» **Materials provided**
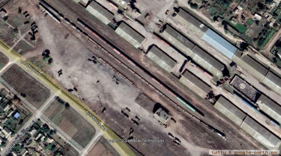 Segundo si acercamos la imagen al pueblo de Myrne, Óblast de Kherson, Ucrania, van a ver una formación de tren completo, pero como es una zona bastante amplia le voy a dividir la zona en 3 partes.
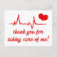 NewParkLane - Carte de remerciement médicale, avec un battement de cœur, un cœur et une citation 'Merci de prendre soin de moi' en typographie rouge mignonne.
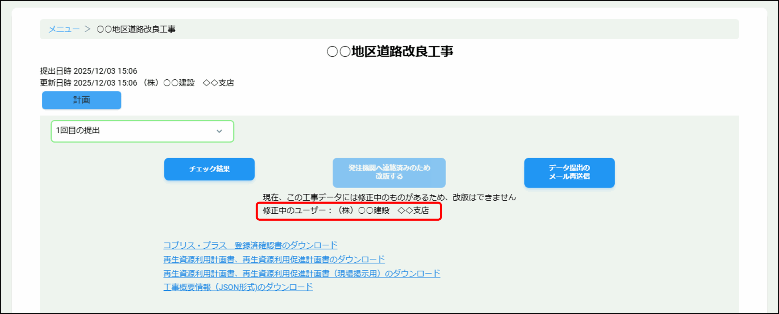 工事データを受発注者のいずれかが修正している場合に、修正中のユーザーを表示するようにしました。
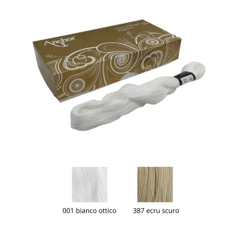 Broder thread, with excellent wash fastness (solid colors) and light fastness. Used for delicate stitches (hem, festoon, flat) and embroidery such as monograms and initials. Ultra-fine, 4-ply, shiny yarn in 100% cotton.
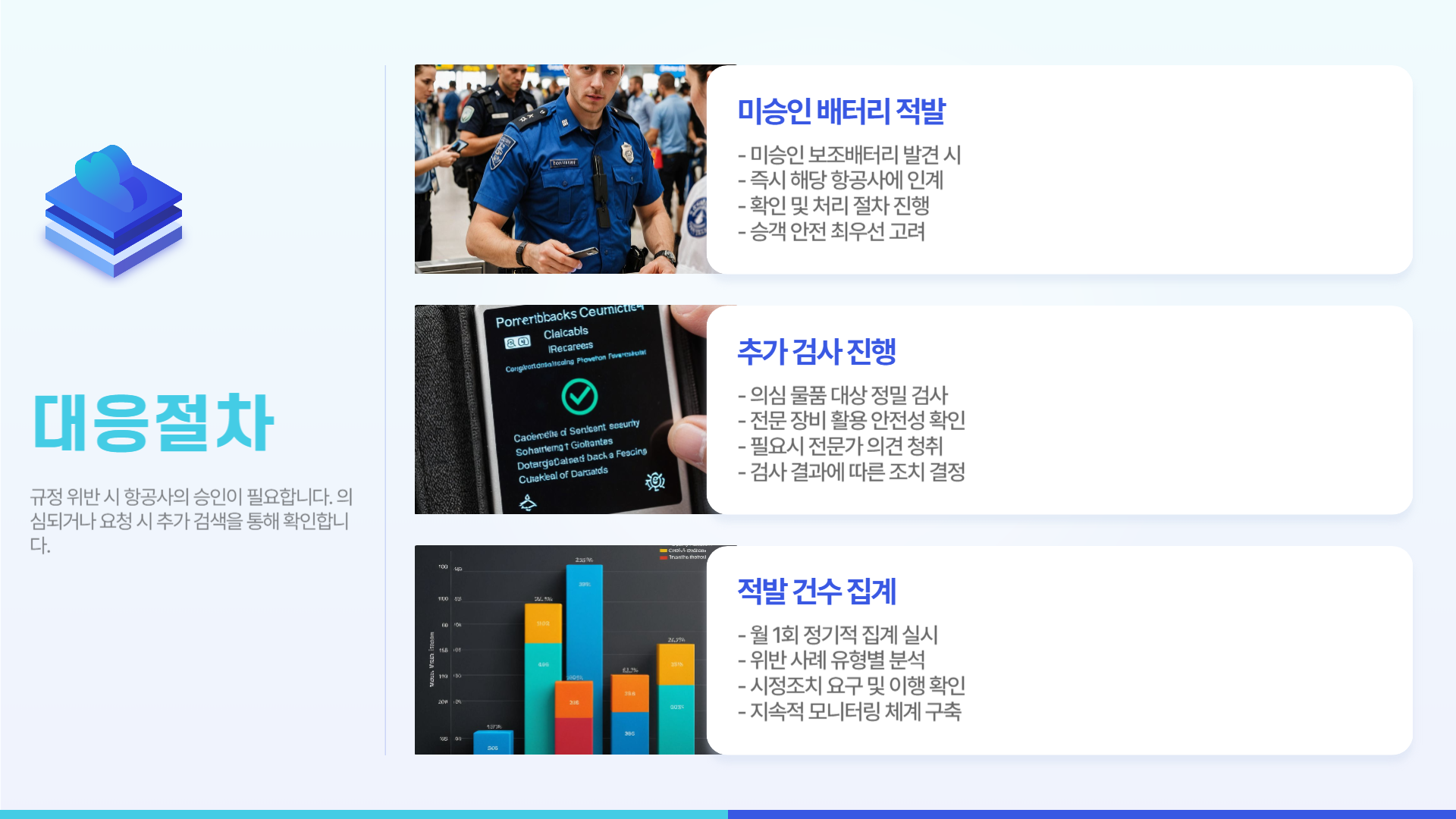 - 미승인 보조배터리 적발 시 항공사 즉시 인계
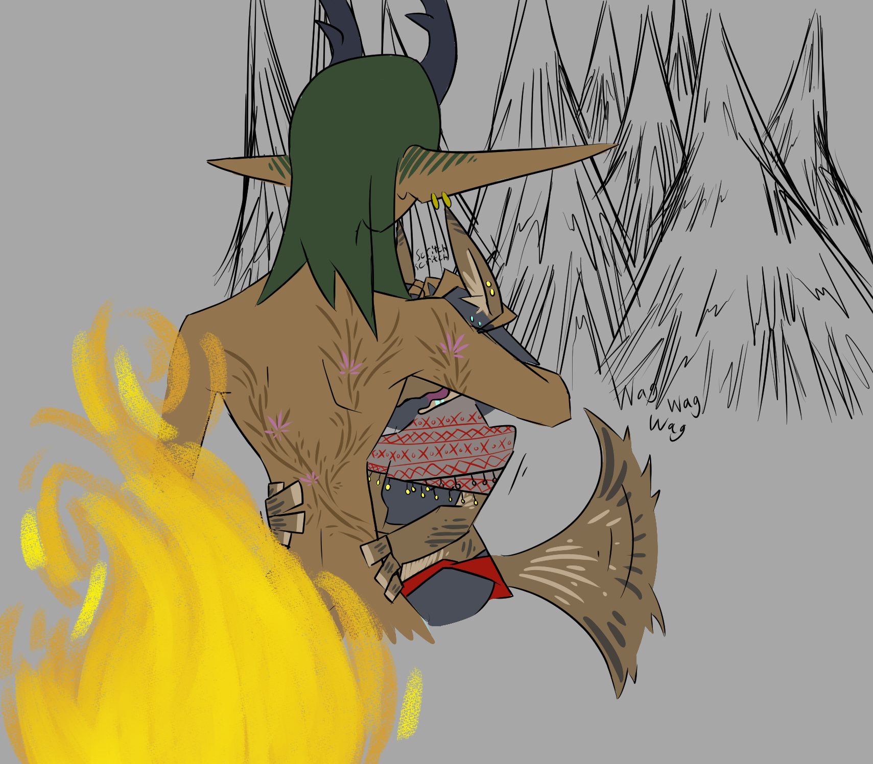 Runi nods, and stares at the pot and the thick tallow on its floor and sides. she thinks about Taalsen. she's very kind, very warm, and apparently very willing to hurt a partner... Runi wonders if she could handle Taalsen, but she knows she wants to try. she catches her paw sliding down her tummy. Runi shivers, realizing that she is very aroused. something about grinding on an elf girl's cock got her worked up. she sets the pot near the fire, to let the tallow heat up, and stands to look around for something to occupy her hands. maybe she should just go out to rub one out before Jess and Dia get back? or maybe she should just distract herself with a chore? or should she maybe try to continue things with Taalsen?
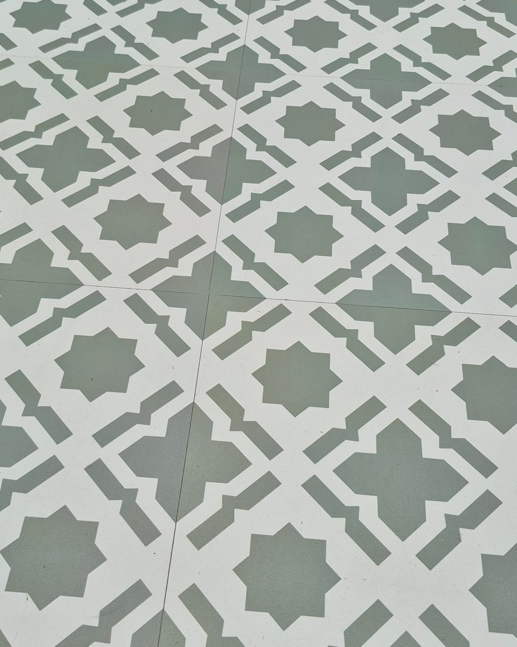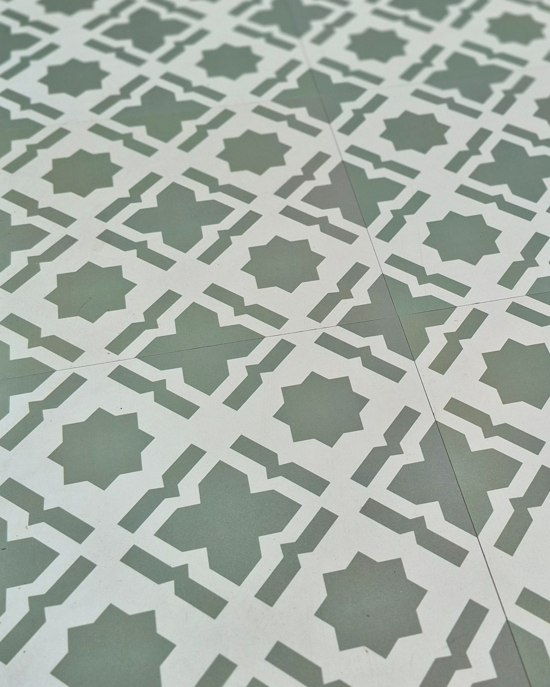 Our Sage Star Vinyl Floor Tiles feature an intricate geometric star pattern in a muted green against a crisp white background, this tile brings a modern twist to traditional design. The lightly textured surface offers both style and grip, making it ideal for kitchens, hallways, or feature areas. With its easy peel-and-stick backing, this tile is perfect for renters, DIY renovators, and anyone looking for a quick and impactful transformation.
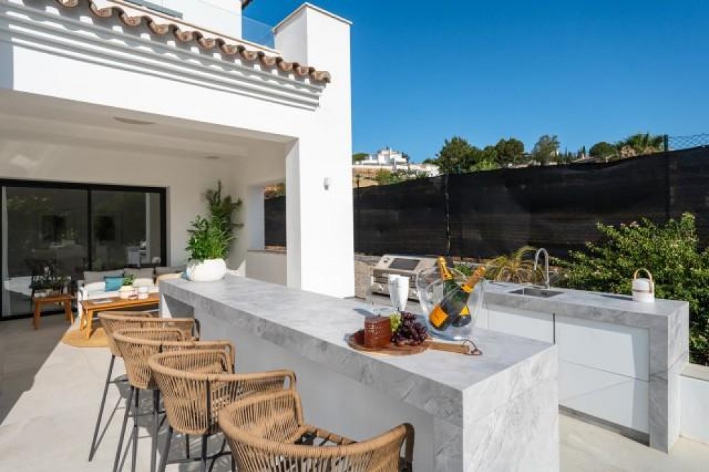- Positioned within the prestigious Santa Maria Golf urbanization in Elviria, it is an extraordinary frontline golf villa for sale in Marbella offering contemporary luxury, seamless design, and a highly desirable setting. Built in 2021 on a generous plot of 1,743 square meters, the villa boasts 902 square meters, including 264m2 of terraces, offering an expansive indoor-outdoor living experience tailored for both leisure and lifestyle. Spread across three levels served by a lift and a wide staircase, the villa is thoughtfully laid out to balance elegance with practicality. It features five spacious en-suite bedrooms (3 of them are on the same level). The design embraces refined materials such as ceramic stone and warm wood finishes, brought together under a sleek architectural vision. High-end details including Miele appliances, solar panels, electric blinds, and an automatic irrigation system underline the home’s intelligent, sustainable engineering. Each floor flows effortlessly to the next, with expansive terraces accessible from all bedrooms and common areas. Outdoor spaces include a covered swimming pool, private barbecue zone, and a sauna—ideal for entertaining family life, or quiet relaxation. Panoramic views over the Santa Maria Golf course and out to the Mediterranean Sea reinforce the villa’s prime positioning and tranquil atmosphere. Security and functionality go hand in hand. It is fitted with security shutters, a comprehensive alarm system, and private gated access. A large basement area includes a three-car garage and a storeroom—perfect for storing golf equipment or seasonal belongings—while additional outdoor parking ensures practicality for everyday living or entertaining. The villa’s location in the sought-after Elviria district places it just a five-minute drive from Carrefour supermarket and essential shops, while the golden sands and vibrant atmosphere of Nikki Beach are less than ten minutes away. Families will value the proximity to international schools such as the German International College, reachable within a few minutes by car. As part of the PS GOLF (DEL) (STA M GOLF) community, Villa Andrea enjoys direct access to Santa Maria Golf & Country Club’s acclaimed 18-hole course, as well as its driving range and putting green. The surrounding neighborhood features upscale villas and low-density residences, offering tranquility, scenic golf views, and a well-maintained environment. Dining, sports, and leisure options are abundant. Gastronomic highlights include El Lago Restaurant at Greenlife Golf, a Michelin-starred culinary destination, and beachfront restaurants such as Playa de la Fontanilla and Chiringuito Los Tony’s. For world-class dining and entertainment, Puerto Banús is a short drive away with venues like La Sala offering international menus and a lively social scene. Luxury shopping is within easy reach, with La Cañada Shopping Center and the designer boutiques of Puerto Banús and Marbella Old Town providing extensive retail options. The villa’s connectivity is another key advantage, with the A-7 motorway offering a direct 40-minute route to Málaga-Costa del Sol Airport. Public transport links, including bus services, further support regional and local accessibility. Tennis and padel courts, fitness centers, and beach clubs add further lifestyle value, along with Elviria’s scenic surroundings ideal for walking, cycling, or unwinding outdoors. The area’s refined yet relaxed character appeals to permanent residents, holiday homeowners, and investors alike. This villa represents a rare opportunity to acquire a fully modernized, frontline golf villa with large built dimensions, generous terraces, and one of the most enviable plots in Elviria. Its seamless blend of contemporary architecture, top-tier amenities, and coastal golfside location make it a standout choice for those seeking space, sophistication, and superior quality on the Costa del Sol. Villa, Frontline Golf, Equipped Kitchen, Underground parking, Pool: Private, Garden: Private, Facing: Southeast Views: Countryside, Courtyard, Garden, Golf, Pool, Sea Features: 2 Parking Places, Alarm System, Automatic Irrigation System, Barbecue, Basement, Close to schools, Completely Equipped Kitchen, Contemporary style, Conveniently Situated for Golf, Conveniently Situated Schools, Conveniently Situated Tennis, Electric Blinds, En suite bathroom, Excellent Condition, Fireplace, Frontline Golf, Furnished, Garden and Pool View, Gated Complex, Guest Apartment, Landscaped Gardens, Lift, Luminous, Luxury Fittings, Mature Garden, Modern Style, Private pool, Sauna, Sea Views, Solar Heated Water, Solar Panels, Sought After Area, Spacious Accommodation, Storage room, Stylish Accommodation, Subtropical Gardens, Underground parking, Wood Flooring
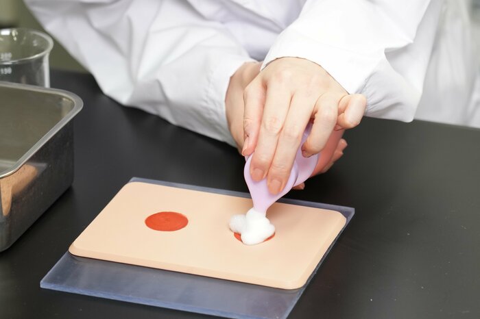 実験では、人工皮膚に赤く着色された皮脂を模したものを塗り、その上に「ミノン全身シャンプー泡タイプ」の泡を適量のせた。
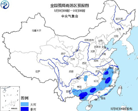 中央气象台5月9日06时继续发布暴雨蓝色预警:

» **Work to be completed**
Output the data above exactly; pictures do not belong in the copy.

» **Reply**
 Segundo si acercamos la imagen al pueblo de Myrne, Óblast de Kherson, Ucrania, van a ver una formación de tren completo, pero como es una zona bastante amplia le voy a dividir la zona en 3 partes.
 NewParkLane - Carte de remerciement médicale, avec un battement de cœur, un cœur et une citation 'Merci de prendre soin de moi' en typographie rouge mignonne.
 工事データを受発注者のいずれかが修正している場合に、修正中のユーザーを表示するようにしました。
 Broder thread, with excellent wash fastness (solid colors) and light fastness. Used for delicate stitches (hem, festoon, flat) and embroidery such as monograms and initials. Ultra-fine, 4-ply, shiny yarn in 100% cotton.
 - 미승인 보조배터리 적발 시 항공사 즉시 인계
 Runi nods, and stares at the pot and the thick tallow on its floor and sides. she thinks about Taalsen. she's very kind, very warm, and apparently very willing to hurt a partner... Runi wonders if she could handle Taalsen, but she knows she wants to try. she catches her paw sliding down her tummy. Runi shivers, realizing that she is very aroused. something about grinding on an elf girl's cock got her worked up. she sets the pot near the fire, to let the tallow heat up, and stands to look around for something to occupy her hands. maybe she should just go out to rub one out before Jess and Dia get back? or maybe she should just distract herself with a chore? or should she maybe try to continue things with Taalsen?
 Our Sage Star Vinyl Floor Tiles feature an intricate geometric star pattern in a muted green against a crisp white background, this tile brings a modern twist to traditional design. The lightly textured surface offers both style and grip, making it ideal for kitchens, hallways, or feature areas. With its easy peel-and-stick backing, this tile is perfect for renters, DIY renovators, and anyone looking for a quick and impactful transformation.
- Positioned within the prestigious Santa Maria Golf urbanization in Elviria, it is an extraordinary frontline golf villa for sale in Marbella offering contemporary luxury, seamless design, and a highly desirable setting. Built in 2021 on a generous plot of 1,743 square meters, the villa boasts 902 square meters, including 264m2 of terraces, offering an expansive indoor-outdoor living experience tailored for both leisure and lifestyle. Spread across three levels served by a lift and a wide staircase, the villa is thoughtfully laid out to balance elegance with practicality. It features five spacious en-suite bedrooms (3 of them are on the same level). The design embraces refined materials such as ceramic stone and warm wood finishes, brought together under a sleek architectural vision. High-end details including Miele appliances, solar panels, electric blinds, and an automatic irrigation system underline the home’s intelligent, sustainable engineering. Each floor flows effortlessly to the next, with expansive terraces accessible from all bedrooms and common areas. Outdoor spaces include a covered swimming pool, private barbecue zone, and a sauna—ideal for entertaining family life, or quiet relaxation. Panoramic views over the Santa Maria Golf course and out to the Mediterranean Sea reinforce the villa’s prime positioning and tranquil atmosphere. Security and functionality go hand in hand. It is fitted with security shutters, a comprehensive alarm system, and private gated access. A large basement area includes a three-car garage and a storeroom—perfect for storing golf equipment or seasonal belongings—while additional outdoor parking ensures practicality for everyday living or entertaining. The villa’s location in the sought-after Elviria district places it just a five-minute drive from Carrefour supermarket and essential shops, while the golden sands and vibrant atmosphere of Nikki Beach are less than ten minutes away. Families will value the proximity to international schools such as the German International College, reachable within a few minutes by car. As part of the PS GOLF (DEL) (STA M GOLF) community, Villa Andrea enjoys direct access to Santa Maria Golf & Country Club’s acclaimed 18-hole course, as well as its driving range and putting green. The surrounding neighborhood features upscale villas and low-density residences, offering tranquility, scenic golf views, and a well-maintained environment. Dining, sports, and leisure options are abundant. Gastronomic highlights include El Lago Restaurant at Greenlife Golf, a Michelin-starred culinary destination, and beachfront restaurants such as Playa de la Fontanilla and Chiringuito Los Tony’s. For world-class dining and entertainment, Puerto Banús is a short drive away with venues like La Sala offering international menus and a lively social scene. Luxury shopping is within easy reach, with La Cañada Shopping Center and the designer boutiques of Puerto Banús and Marbella Old Town providing extensive retail options. The villa’s connectivity is another key advantage, with the A-7 motorway offering a direct 40-minute route to Málaga-Costa del Sol Airport. Public transport links, including bus services, further support regional and local accessibility. Tennis and padel courts, fitness centers, and beach clubs add further lifestyle value, along with Elviria’s scenic surroundings ideal for walking, cycling, or unwinding outdoors. The area’s refined yet relaxed character appeals to permanent residents, holiday homeowners, and investors alike. This villa represents a rare opportunity to acquire a fully modernized, frontline golf villa with large built dimensions, generous terraces, and one of the most enviable plots in Elviria. Its seamless blend of contemporary architecture, top-tier amenities, and coastal golfside location make it a standout choice for those seeking space, sophistication, and superior quality on the Costa del Sol. Villa, Frontline Golf, Equipped Kitchen, Underground parking, Pool: Private, Garden: Private, Facing: Southeast Views: Countryside, Courtyard, Garden, Golf, Pool, Sea Features: 2 Parking Places, Alarm System, Automatic Irrigation System, Barbecue, Basement, Close to schools, Completely Equipped Kitchen, Contemporary style, Conveniently Situated for Golf, Conveniently Situated Schools, Conveniently Situated Tennis, Electric Blinds, En suite bathroom, Excellent Condition, Fireplace, Frontline Golf, Furnished, Garden and Pool View, Gated Complex, Guest Apartment, Landscaped Gardens, Lift, Luminous, Luxury Fittings, Mature Garden, Modern Style, Private pool, Sauna, Sea Views, Solar Heated Water, Solar Panels, Sought After Area, Spacious Accommodation, Storage room, Stylish Accommodation, Subtropical Gardens, Underground parking, Wood Flooring
 実験では、人工皮膚に赤く着色された皮脂を模したものを塗り、その上に「ミノン全身シャンプー泡タイプ」の泡を適量のせた。
 中央气象台5月9日06时继续发布暴雨蓝色预警:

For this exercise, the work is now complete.